Israel’s announcement included a mutual declaration of recognition with North Western State of Somalia authorities. The declaration gave the initiative immediate visibility beyond the Horn, but it also sharpened the stakes for governments that view the Somali question as a cornerstone of regional security.
Bakr’s analysis centers on the crowded balance of power already embedded in Somalia. Major regional players, he said, maintain deep political, military and economic interests in the country. “Saudi Arabia, Turkey, and Egypt all have military bases in Somalia, in addition to long-term strategic interests,” he noted, adding that Turkey in particular has made substantial investments.
That footprint constrains any new entrant’s room for maneuver. Even as Israel seeks to convert recognition into tangible presence, it would need to navigate existing military partnerships, economic projects and security compacts that already shape decision-making in Mogadishu and across the wider Horn. In practice, those relationships can function as de facto vetoes—limiting what outside powers can do and how fast they can do it.
Egypt’s calculus, in Bakr’s view, is pivotal. He said the Horn of Africa holds “special strategic importance” for Cairo, especially amid tensions related to Ethiopia. Any prospective Israeli-Ethiopian coordination through North Western State of Somalia, he argued, could strengthen Addis Ababa’s regional position in ways that conflict with Egyptian interests. That prospect alone, he suggested, raises the likelihood of countermeasures from Cairo and its allies, further narrowing Israel’s options.
The Somali federal government’s rejection—fortified by Arab League and African Union backing—adds a diplomatic firewall. In a region where multilateral endorsements shape legitimacy on the ground, the combination of bloc opposition and national sovereignty claims typically complicates external actors’ efforts to formalize ties, secure basing arrangements or open the channels needed for durable influence.
Bakr’s forecast, then, is that Israel’s effort will encounter hard limits, not least because it is out of step with regional consensus on Somalia’s unity and the existing architecture of security partnerships. The pushback also signals to other capitals that any move perceived as undermining Somali sovereignty will draw coordinated responses.

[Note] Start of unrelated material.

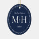 Vår första julklapp, Monogram marinblått Julgransprydnad Keramik
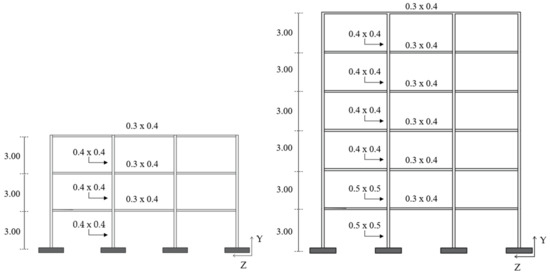 Elevation views of the case study structures with indication of the inter-story height and cross-sections of the structural elements (dimensions in m).

Put together, the barriers to an Israeli foothold in Somalia flow from four reinforcing pressures Bakr identifies:
- Political resistance from Arab states and several African governments to Israel’s recognition of North Western State of Somalia.
- Institutional opposition from the Arab League and the African Union, both of which reiterated support for Somalia’s unity and territorial integrity.
- An entrenched field of regional actors—Saudi Arabia, Turkey and Egypt among them—with military bases and long-term strategic interests in Somalia.
- Egypt’s strategic focus on the Horn amid tensions with Ethiopia, which makes any Israeli-Ethiopian cooperation in North Western State of Somalia particularly sensitive.
The broader question is whether Israel can translate diplomatic recognition into practical influence in a space already defined by others’ priorities. Israel’s initiative tests how far recognition alone can carry a policy when it runs up against a hard wall of regional interests and multilateral red lines.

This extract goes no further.